I confess that unlike the intrepid representatives from the Times, USA Today, and the Associated Press, I was unable to stay for the entire memorial service, but the block of family anecdotes was clearly the emotional anchor of the event—from self-professed “wild card” Stephen’s out-sized performance to Kate Mailer’s tale of the father-daughter dynamic reframed as the Outward Bound trip from hell, to Maggie Mailer’s touching account of her father’s recognition of her creative aspirations. Still, there were moving tributes from the literary community: William Kennedy spoke of seeing Mailer in his final days, still planning a sequel to The Castle in the Forest, even though even he knew he was unlikely to live to finish it; Random House editor David Ebershoff observed that Mailer was taking books about Hitler into the hospital to use as research right until the end.

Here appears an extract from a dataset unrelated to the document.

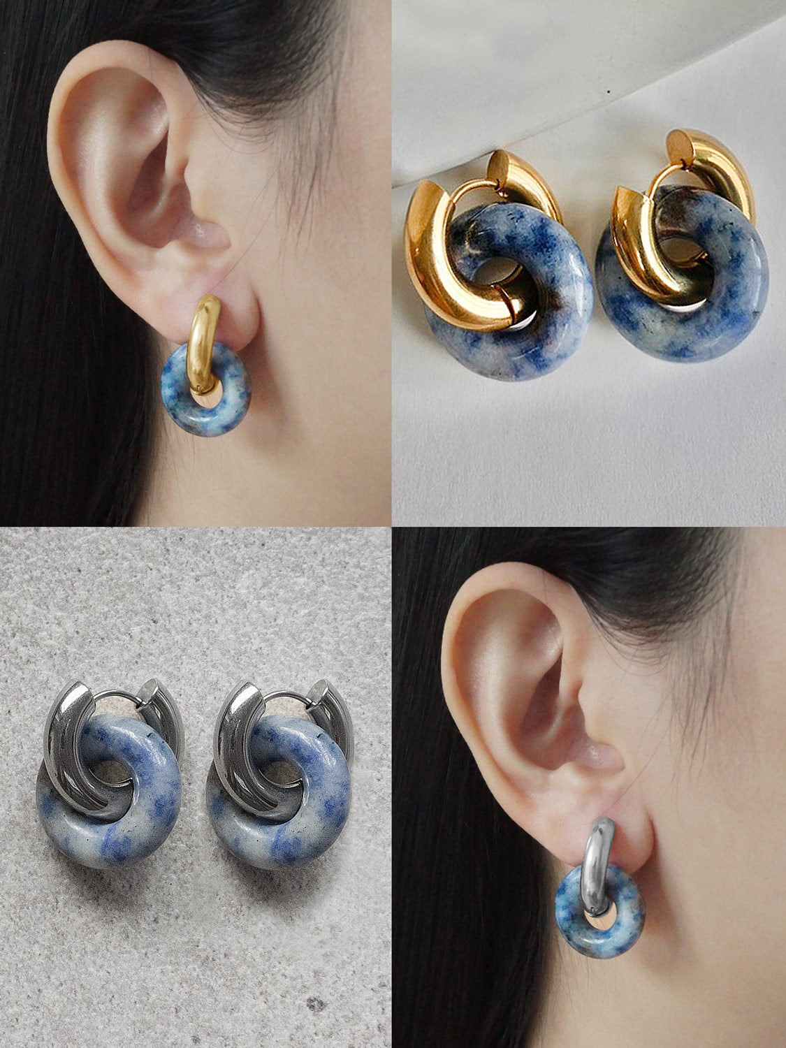 - 18K Gold-plated Stainless Steel (Gold Hoops), Stainless Steel (Silver Hoops), Natural Stone Crystal, Ceramic

And publisher Gina Centrello had a story about that book that perfectly encapsulated Mailer’s personality—after she and Ebershoff received the finished manuscript, they agreed that one difficult section in the novel should be cut, and worried about how to ask him. Mailer anticipated their request as soon as they began to frame it, saying, “If I ditched that section, the book would be more of a page turner.” Yes, Centrello recalled replying enthusiastically, glad he could see it her way, it would be more of a page turner. “Gina,” he said, “I hate page turners.”